Earlier in the year, a security issue saw Yahoo users lose control of their accounts. While the attack relied on customers clicking on a link to a malicious site, it was unknown how attackers were able to retrieve the session cookies required, since the site was not on a Yahoo domain.
According to Bitdefender, however, attackers used a flaw in blogging software WordPress, which was patched in April 2012, eight months prior. The WordPress blog that enabled the attack was Yahoo's own developer network site, which resides on the developer.yahoo.com domain. This meant that upon compromising it, hackers were able to access session cookies for the yahoo.com domain, and then send them back to themselves.
Attackers first created a bogus news site based off the MSN/NBC News network and hosted it on at least two domains: com-im9.net and com-io4.net. Due to the appearance of the URLs, unsuspecting users were presented with a URL in the form similar to www.msnbc.msn.com-im9.net, which at first glance may appear to be legitimate content on the msn.com domain.
This upload feature was previously identified by Neal Poole and Nathan Partlan as containing a cross-site scripting flaw.
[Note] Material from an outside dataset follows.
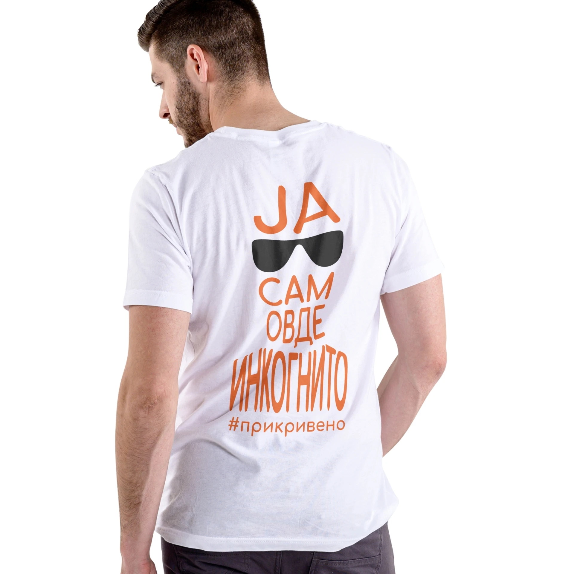 Тараба бела мушка мајица Инкогнито, са кратким рукавима стандардног regular fit кроја, састава 100% памук. Штампано техником сито штампе. Свака мајица долази са поклон стикерима и флајером са Тараба мотивима, упакована у брендирану Тараба кутију.
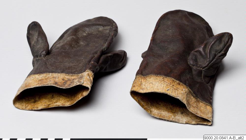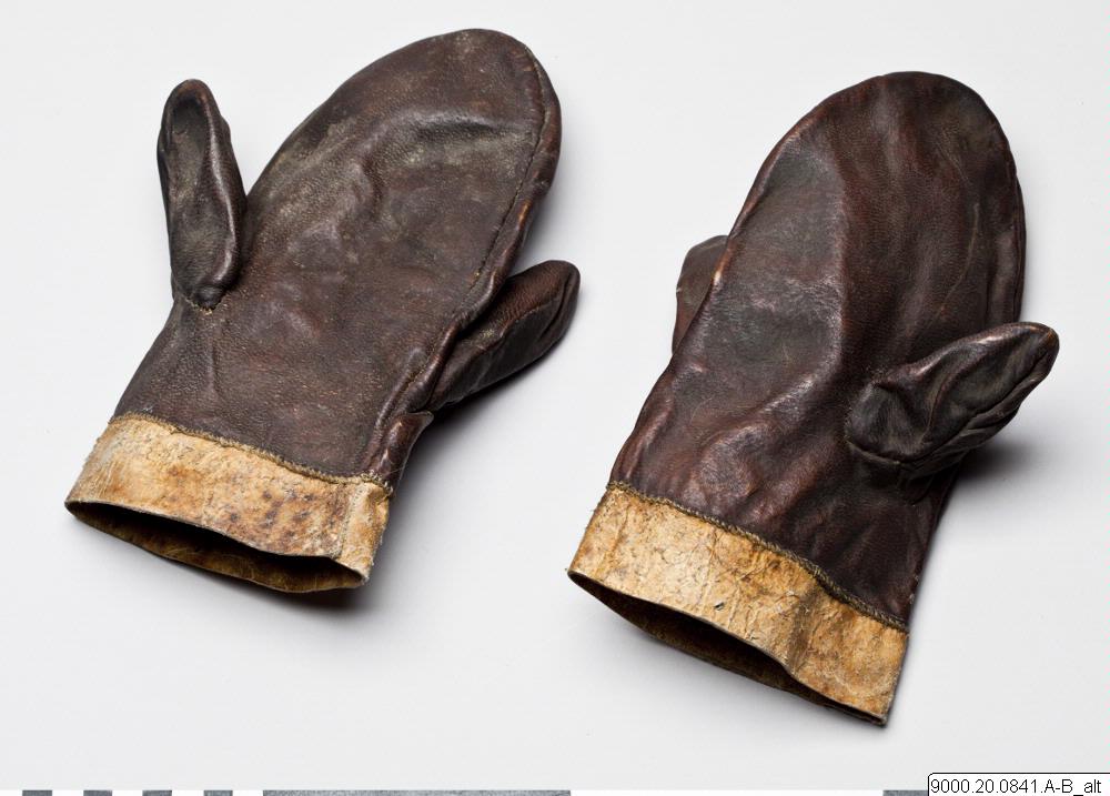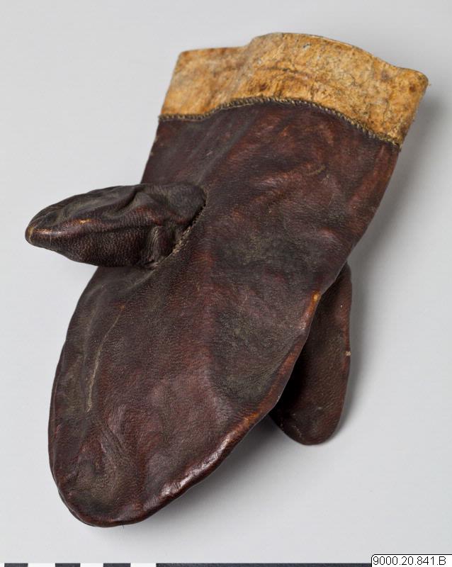• Tumsvante av brunt skinn med dubbla tummar (för att kunna byta grepp vid väta?). Remsa av ljusare skinn fastsytt runt öppningen.

They informed WordPress, and it was subsequently patched in version 3.2.2 released in April, marked as a security update.
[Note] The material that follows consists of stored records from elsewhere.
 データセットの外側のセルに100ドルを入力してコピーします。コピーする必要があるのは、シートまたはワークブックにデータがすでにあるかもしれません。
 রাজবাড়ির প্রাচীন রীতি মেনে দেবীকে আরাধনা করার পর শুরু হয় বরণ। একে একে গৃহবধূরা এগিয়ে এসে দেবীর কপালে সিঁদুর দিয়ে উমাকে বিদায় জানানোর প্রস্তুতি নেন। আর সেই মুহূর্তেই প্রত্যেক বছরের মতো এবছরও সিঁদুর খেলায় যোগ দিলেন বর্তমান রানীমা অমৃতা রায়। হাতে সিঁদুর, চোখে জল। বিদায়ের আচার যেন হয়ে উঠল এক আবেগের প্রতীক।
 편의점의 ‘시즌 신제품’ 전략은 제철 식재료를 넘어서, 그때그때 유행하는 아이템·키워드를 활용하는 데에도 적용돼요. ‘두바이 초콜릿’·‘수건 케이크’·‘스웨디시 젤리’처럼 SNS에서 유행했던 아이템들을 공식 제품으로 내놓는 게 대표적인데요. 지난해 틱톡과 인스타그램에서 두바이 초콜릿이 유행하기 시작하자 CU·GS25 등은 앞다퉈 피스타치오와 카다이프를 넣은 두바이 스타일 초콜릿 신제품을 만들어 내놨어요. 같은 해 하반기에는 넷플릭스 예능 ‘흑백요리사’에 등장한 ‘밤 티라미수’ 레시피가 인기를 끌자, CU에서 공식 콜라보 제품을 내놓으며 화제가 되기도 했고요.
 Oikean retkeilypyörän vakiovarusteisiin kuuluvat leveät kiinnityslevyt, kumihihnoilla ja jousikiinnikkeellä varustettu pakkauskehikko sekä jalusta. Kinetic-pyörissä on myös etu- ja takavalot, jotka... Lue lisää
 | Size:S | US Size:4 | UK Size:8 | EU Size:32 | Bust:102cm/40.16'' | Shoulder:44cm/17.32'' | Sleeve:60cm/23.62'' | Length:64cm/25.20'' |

Despite the availability of a patch, a security researcher from Websecurity, calling themself MustLive, began to notice that the vulnerability was being exploited in the wild in November 2012.
Using the flaw, attackers were able to send, from the Yahoo.com domain, the user's session cookie to its own "beacon" site on com-io4.net and harvest details. By replacing their own cookies with the victims', the attackers were able to steal the active log-in session and take control of the account. Yahoo's WordPress installation appears to have now been patched.
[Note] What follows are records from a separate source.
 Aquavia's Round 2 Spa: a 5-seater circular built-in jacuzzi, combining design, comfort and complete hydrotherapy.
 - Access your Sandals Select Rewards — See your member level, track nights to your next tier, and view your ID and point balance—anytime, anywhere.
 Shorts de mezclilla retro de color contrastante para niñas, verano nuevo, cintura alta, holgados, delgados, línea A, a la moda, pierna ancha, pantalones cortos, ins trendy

Although the user's password is never obtained by the attacker, and nor can it be changed, it does open up the potential to compromise the victim's other accounts. Theoretically, by reading existing emails, an attacker could quickly determine what other accounts the email may be tied to, such as social-media sites. With this information, they could then request a password reset and take control of the account.
Yahoo did not respond to ZDNet's request to comment.